Bolzano: Noseda incanta con la EUYO

Serata di grandi emozioni, quella del 16 agosto al Teatro Comunale per il consueto appuntamento estivo con il Bolzano festival. Protagonisti di un concerto strepitoso, coronato dall’ovazione del pubblico tra lacrime e applausi, sono stati il direttore Gianandrea Noseda, la European Union Youth Orchestra (EUYO), il pianista Jae Hong Park e la compositrice inglese Hannah Kendall. Si potrà disquisire sul programma, costruito spaziando dalla musica di oggi alle pietre miliari della classica; si potrà descrivere la qualità interpretativa dei musicisti sul palco, che ha raggiunto vette sublimi; oppure, ancora, si potranno raccontare le suggestioni evocate all’ascolto dalle scelte interpretative. Il dubbio è che non basterà a trasmettere l’esperienza umana-uditiva-sentimentale che il pubblico ha vissuto quella sera.
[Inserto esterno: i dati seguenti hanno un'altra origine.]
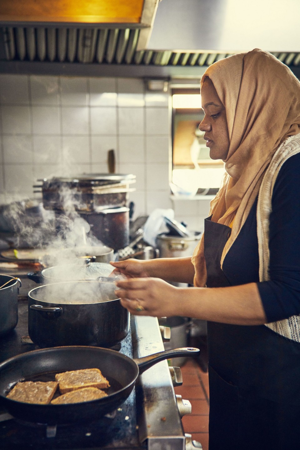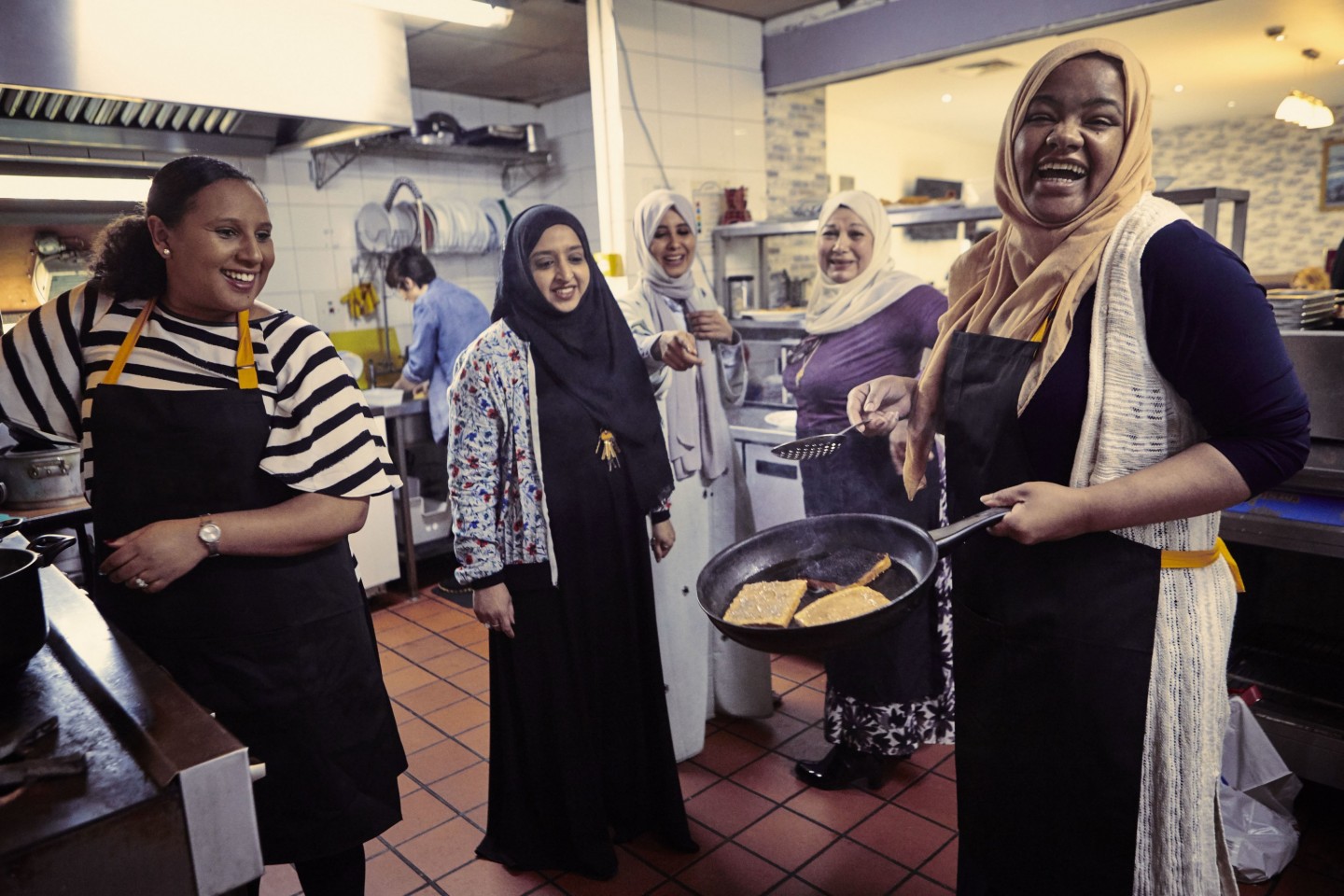 Plašākai sabiedrībai publicētas 19. jūlijā uzņemtas fotogrāfijās, kurās Saseksas hercogiene Megana piedalās maltītes gatavošanā musulmaņu kultūras centrā Londonā.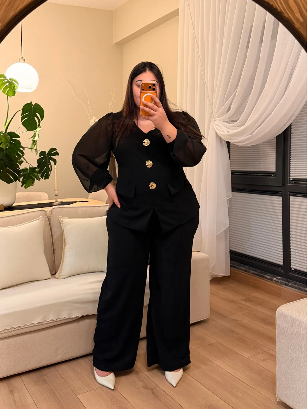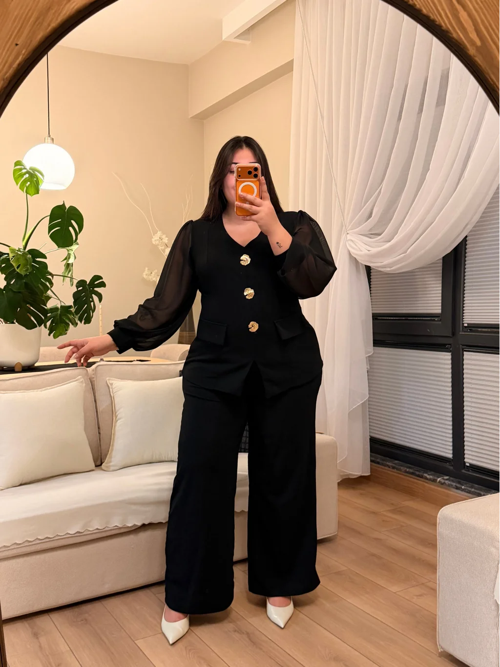 V Yaka, Rahat Kalıp, Esnek Krep Kumaş, İstiridye Kolları Şifon, Aksesuar Detaylı, İkili Takım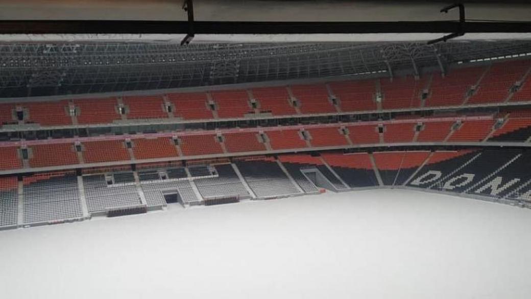 В неподконтрольном Донецке снегопад засыпал известный стадион «Донбасс Арена», построенный к чемпионату Европы по футболу — 2012 украинским олигархом Ринатом Ахметовым.

Il grande regista di tutto ciò è Gianandrea Noseda, direttore che brilla all’estero come in Italia, a suo agio nell’opera come nella sinfonica. Il suo gesto è a dir poco magnetico, per come riesce a tenere nelle sue mani, a pochissimi centimetri dalla punta delle dita, tutta l’orchestra, e allo stesso tempo è elegante, quasi una coreografia spirituale dove tutto il corpo danza un’agogica infinita, spesso in equilibrio sulle punte. Il suo sguardo sulla partitura affonda le radici nella lettura storicamente informata aggiungendo nuova linfa, regalando una vitalità che sorprende nella capacità di avvicinare al sentire proprio dei nostri giorni opere lontane.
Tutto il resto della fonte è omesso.